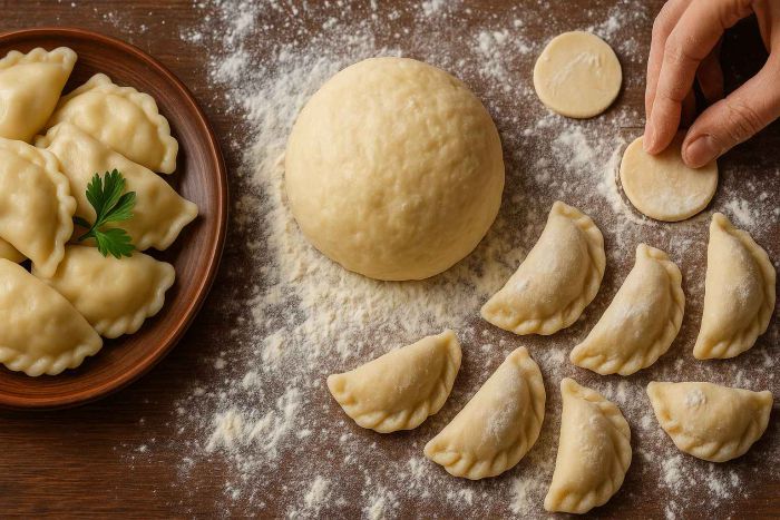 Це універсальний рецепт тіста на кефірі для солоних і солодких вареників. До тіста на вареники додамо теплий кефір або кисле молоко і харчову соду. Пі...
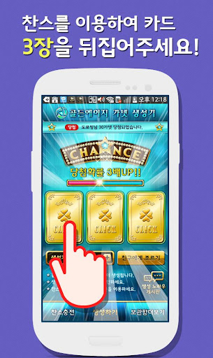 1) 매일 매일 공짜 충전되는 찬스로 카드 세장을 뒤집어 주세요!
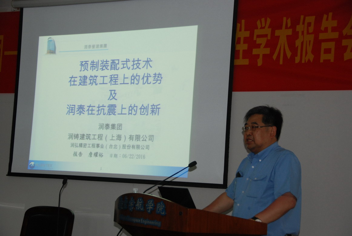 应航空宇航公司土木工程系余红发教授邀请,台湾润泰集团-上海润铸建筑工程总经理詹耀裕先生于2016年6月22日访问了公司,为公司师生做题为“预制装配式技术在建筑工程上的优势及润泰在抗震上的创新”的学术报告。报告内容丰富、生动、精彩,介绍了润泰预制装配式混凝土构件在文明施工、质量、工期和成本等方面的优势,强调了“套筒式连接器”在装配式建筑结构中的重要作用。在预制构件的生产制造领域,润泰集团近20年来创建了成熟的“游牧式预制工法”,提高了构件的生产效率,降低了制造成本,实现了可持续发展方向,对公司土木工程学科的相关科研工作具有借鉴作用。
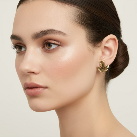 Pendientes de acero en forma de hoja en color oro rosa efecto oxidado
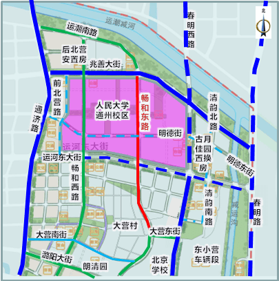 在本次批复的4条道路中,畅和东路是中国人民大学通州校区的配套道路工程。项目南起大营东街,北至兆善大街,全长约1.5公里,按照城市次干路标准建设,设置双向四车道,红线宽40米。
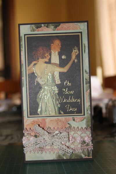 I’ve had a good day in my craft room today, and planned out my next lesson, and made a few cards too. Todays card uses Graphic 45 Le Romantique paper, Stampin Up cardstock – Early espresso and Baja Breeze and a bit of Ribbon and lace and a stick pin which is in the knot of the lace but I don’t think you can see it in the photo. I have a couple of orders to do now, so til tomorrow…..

* * *

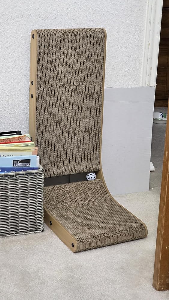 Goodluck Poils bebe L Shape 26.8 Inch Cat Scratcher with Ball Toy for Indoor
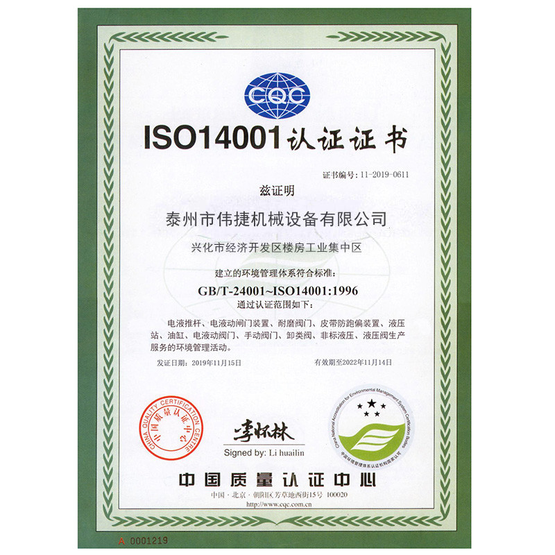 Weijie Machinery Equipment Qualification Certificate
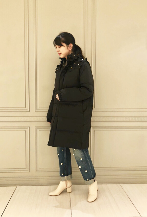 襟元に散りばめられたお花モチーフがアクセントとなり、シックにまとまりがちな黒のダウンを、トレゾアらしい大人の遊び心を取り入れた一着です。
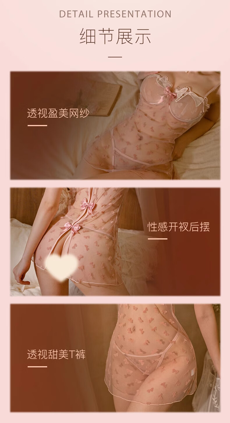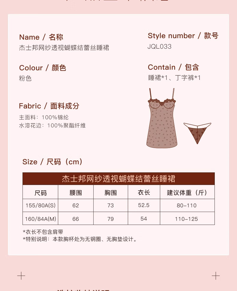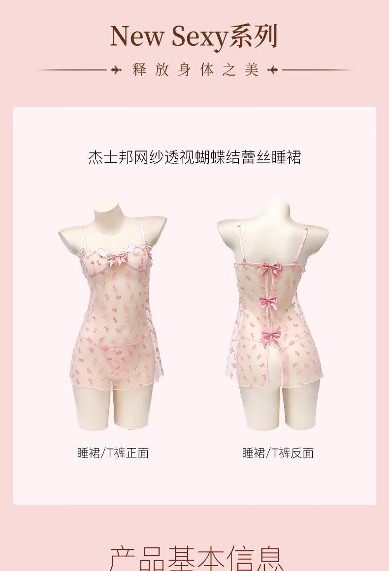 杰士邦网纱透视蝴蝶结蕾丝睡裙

* * *

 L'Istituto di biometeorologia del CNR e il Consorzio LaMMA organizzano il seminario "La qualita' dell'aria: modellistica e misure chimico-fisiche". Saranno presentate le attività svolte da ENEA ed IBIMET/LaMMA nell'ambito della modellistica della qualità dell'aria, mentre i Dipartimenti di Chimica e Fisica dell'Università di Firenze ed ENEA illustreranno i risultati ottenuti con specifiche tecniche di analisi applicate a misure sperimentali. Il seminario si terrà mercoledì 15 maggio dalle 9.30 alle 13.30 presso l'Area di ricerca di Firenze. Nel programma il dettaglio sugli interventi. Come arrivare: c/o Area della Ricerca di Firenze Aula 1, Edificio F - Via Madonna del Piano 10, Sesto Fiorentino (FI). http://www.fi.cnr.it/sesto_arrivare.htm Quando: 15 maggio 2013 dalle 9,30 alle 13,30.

* * *

What to do: The lines to reproduce run from the one above containing "Goodluck Poils bebe" through the one containing "杰士邦网纱透视蝴蝶结蕾丝睡裙". Copy them exactly and leave out all pictures.

Solution to this task:
 Goodluck Poils bebe L Shape 26.8 Inch Cat Scratcher with Ball Toy for Indoor
 Weijie Machinery Equipment Qualification Certificate
 襟元に散りばめられたお花モチーフがアクセントとなり、シックにまとまりがちな黒のダウンを、トレゾアらしい大人の遊び心を取り入れた一着です。
 杰士邦网纱透视蝴蝶结蕾丝睡裙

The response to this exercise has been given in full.